# [ABOUT THIS TASK]
Every line from the one that contains "広大な敷地に建つ平屋の住まい" to the end of the records must be restated word for word. No other line belongs in the answer.

[Extracted records]
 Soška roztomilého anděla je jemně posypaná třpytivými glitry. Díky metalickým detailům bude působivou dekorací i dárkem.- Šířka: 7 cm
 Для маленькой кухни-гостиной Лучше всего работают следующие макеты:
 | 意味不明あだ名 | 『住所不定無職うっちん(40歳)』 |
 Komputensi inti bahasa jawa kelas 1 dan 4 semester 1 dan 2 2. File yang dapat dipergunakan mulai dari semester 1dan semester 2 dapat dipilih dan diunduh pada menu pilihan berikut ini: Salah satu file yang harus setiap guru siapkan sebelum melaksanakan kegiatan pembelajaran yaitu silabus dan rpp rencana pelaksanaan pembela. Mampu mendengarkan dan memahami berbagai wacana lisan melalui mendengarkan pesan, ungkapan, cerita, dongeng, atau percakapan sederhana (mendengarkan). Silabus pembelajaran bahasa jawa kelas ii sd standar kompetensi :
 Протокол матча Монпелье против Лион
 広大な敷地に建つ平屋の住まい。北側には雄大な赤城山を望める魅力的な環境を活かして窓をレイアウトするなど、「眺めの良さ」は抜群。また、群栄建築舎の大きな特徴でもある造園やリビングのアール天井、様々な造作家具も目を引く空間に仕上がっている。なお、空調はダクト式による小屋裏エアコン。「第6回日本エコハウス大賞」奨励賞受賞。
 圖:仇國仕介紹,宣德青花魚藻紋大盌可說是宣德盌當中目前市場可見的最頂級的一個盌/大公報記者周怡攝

# [TASK ANSWER]
 広大な敷地に建つ平屋の住まい。北側には雄大な赤城山を望める魅力的な環境を活かして窓をレイアウトするなど、「眺めの良さ」は抜群。また、群栄建築舎の大きな特徴でもある造園やリビングのアール天井、様々な造作家具も目を引く空間に仕上がっている。なお、空調はダクト式による小屋裏エアコン。「第6回日本エコハウス大賞」奨励賞受賞。
 圖:仇國仕介紹,宣德青花魚藻紋大盌可說是宣德盌當中目前市場可見的最頂級的一個盌/大公報記者周怡攝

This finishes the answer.